◆ RECORDS FOR THIS TASK:
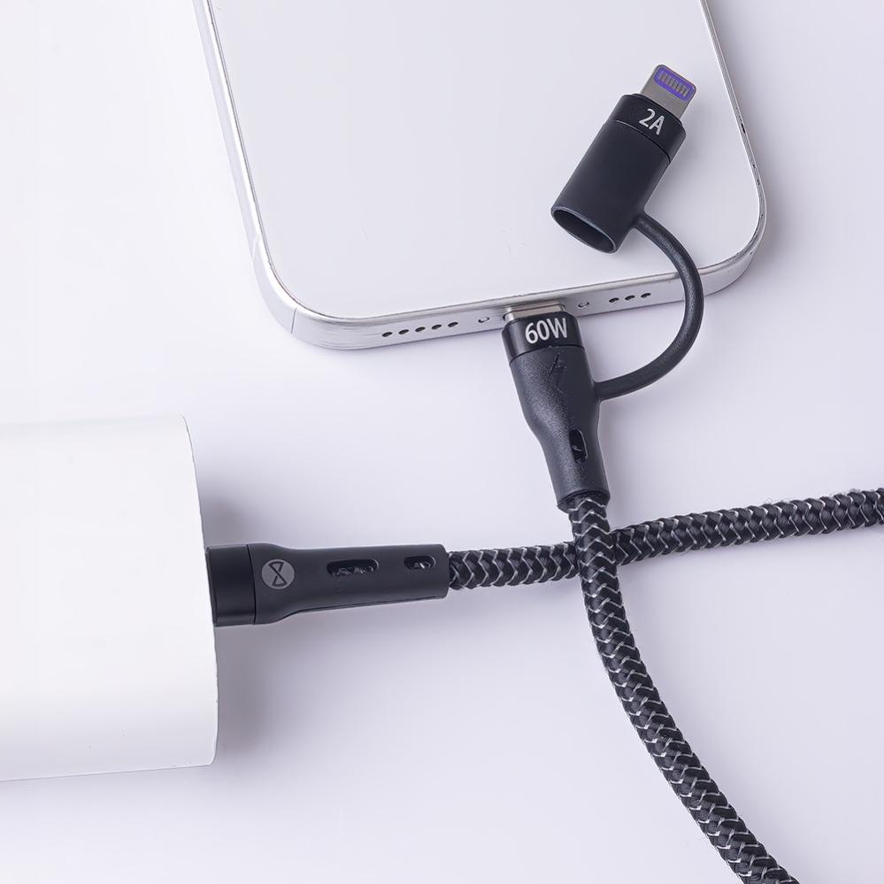 Med USB-C till USB-C-anslutning stöder kabeln laddning av enheter med upp till 60W effekt, och 2-i-1-funktionen gör det enkelt att växla mellan USB-C och Lightning-kontakter, vilket gör kabeln kompatibel med ett brett utbud av enheter. Perfekt för daglig användning, både hemma och på resande fot.
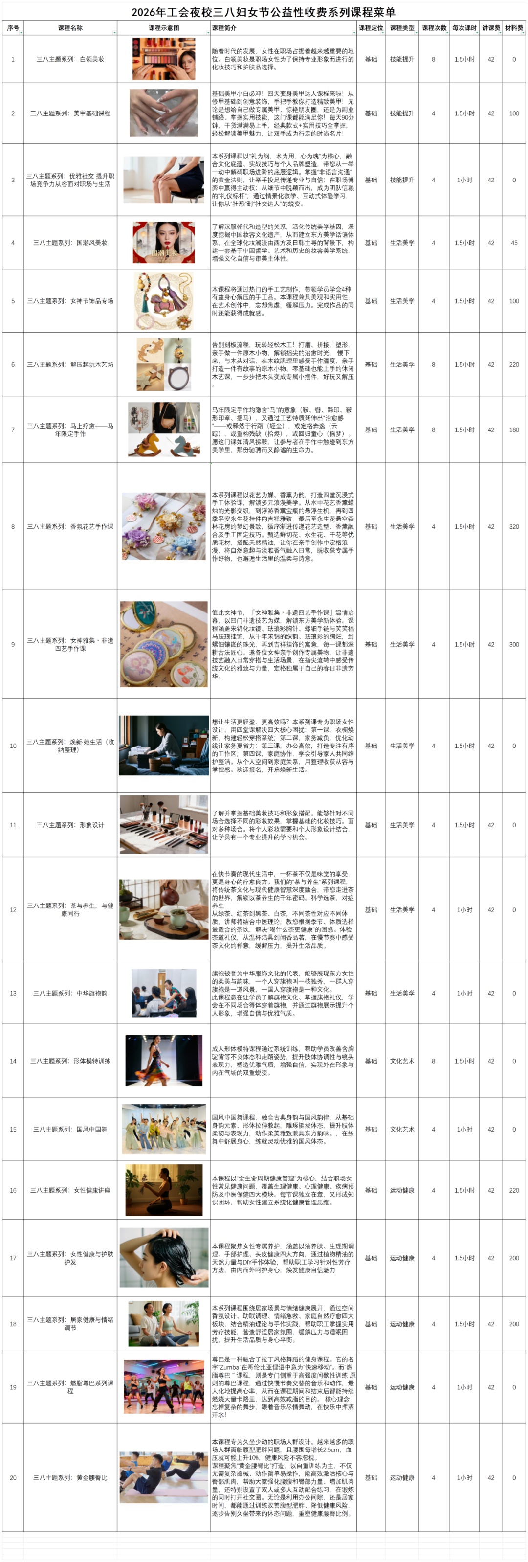 工会夜校4次系列课程,
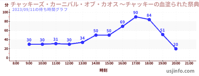 • チャッキーズ・カーニバル・オブ・カオス ~チャッキーの血塗られた祭典~$B$N(B2023年09月11日の待ち時間
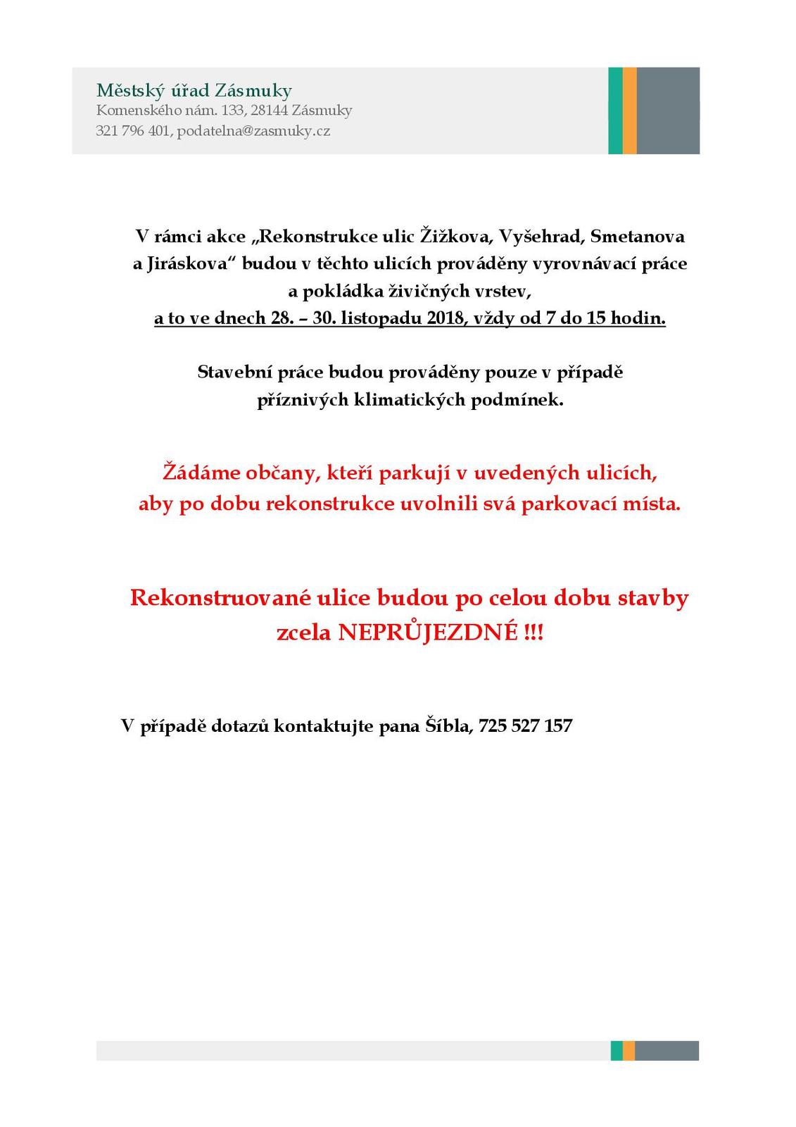 Informace k rekonstrukci ulic Žižkova, Smetanova,Jiráskova a Vyšehrad
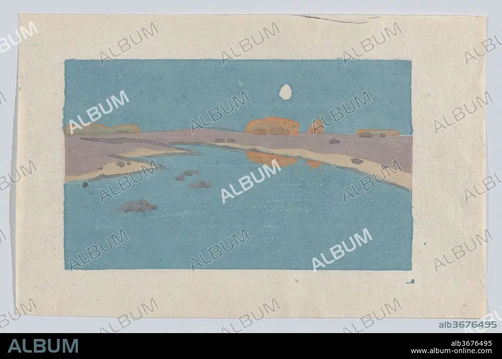 A leader of the American Arts and Crafts movement, Dow's advanced ideas concerning color and design are beautifully conveyed by his woodcuts. Born in Ipswich, Massachusetts, the artist studied tonalist painting in France for five years then returned to Boston in 1889. Fascinated by Ukiyo-e prints, Dow examined examples at the Museum of Fine Arts, together with Japanese printing equipment at the Smithsonian Institution. After mastering a multi-block process, he created forty compositions between 1891 and 1921, many printed in multiple variations with experimental inking. These works explore the expressive potential of color and, in 2016, the Museum acquired a significant group, including Marsh Creek. Exemplifying Dow's mature technique, no key-block was used in this print, and the landscape is formed from adjacent color zones. Printing the layers required great skill, and overlapping forms have been used to great effect. Thinly applied golden ink veils underlying blues and purples, with ripples scored into the wet ink -- a technique more common to watercolor than woodblock printing. Other variants of this subject use dark tones to suggest a moonlit scene, but the present example evokes bright twilight.
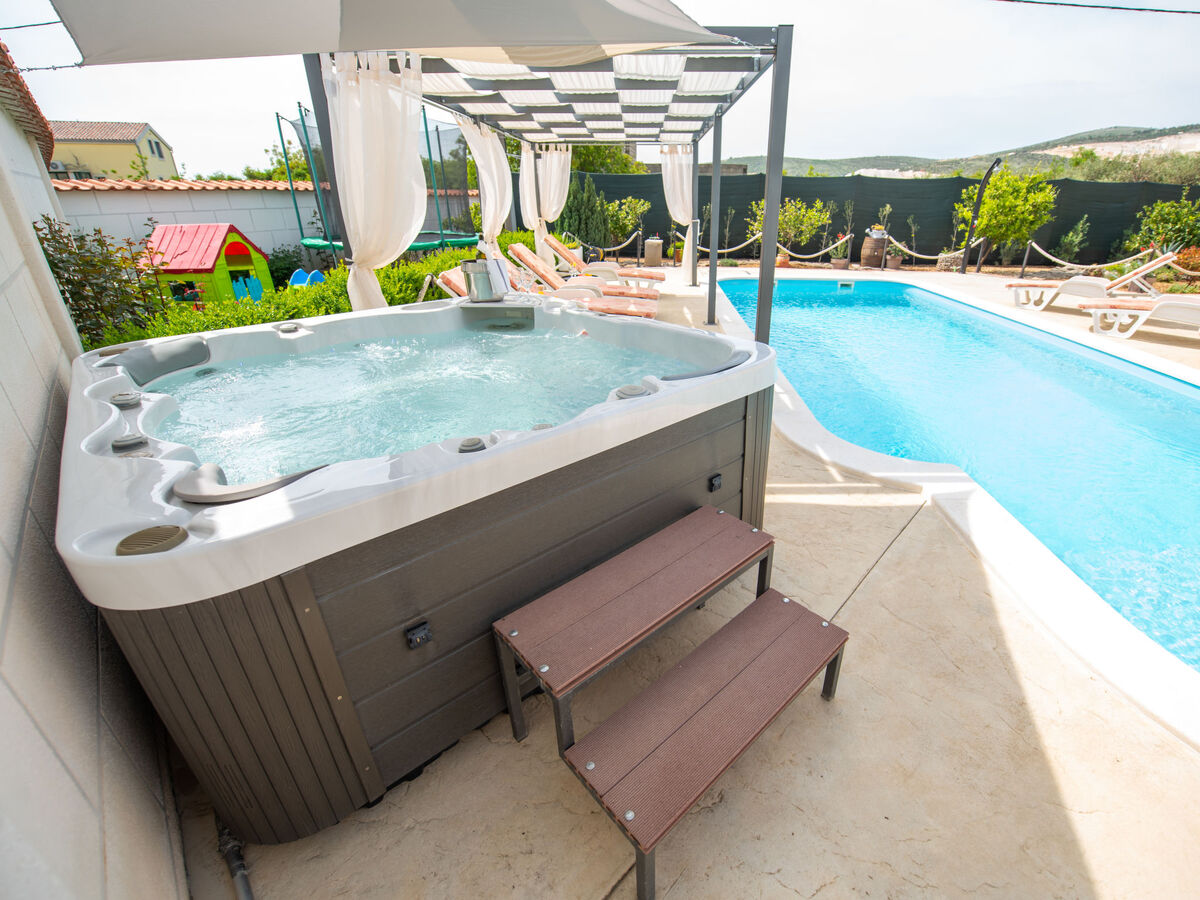 Douche extérieure, bain à remous , pool house avec réfrigérateur et plaque de cuisson, terrasse (50 m2).
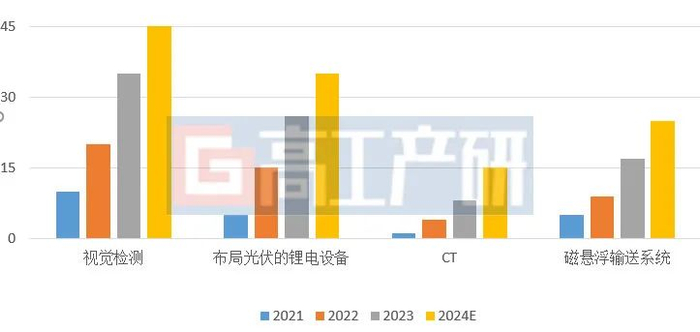 锂电机器视觉检测系统、锂电CT设备、布局光伏、磁悬浮输送系统的锂电设备企业数量(家)
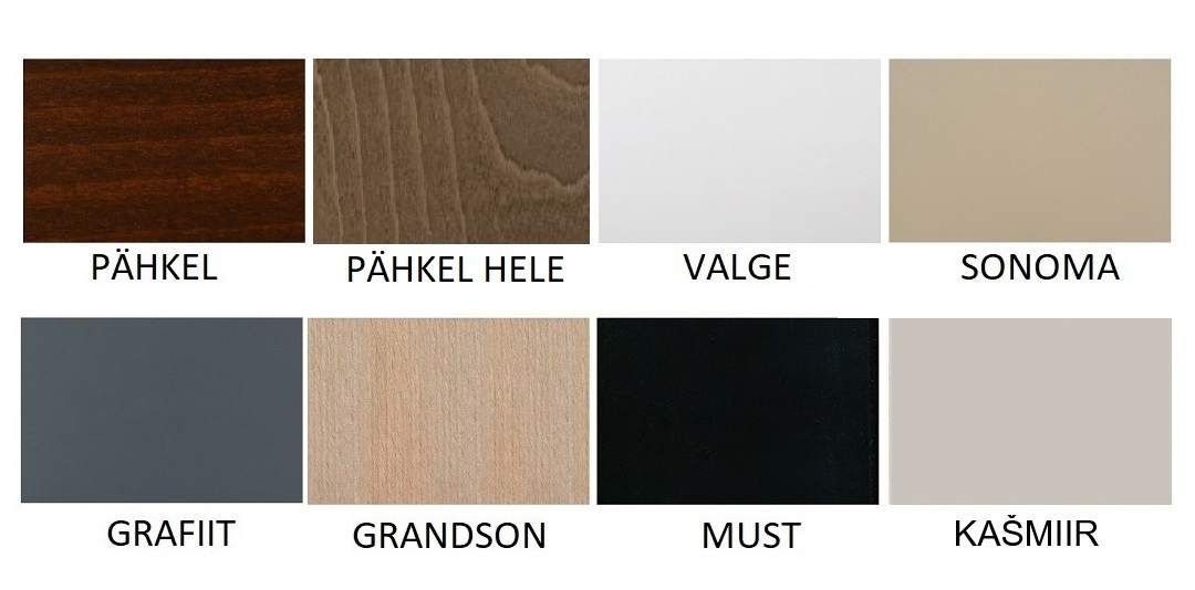 Puidu värvid: pähkel; pähkel hele; valge; sonoma; grafiit grandson; must; kašmiir.
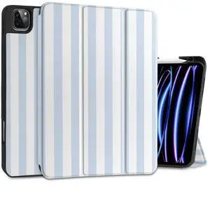 DONGKE Case for 2022/2021/2020/2018 iPad Pro 11 inch Gen 4/3/2/1 - Slim Protective Case - Built in Pencil Holder Support Charging - Trifold Stand & Sleep/Wake Cover- Blue Stripes
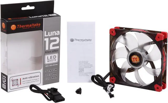 The Thermaltake Luna 12 LED fan provides efficient and quiet cooling whether used to pull cool air into the PC system or push hot air out. With precisely balanced fan blades and long-life bearings, it guarantees ultra low noise. You'll find them in a total of three colors (Red, White and Blue) to suit your preferences.

◆ TASK BRIEF: Give the lines again word for word, from the start of the records to the line holding "Informace k rekonstrukci", both included, and leave out any picture.

◆ COMPLETED TASK:
 Med USB-C till USB-C-anslutning stöder kabeln laddning av enheter med upp till 60W effekt, och 2-i-1-funktionen gör det enkelt att växla mellan USB-C och Lightning-kontakter, vilket gör kabeln kompatibel med ett brett utbud av enheter. Perfekt för daglig användning, både hemma och på resande fot.
 工会夜校4次系列课程,
 • チャッキーズ・カーニバル・オブ・カオス ~チャッキーの血塗られた祭典~$B$N(B2023年09月11日の待ち時間
 Informace k rekonstrukci ulic Žižkova, Smetanova,Jiráskova a Vyšehrad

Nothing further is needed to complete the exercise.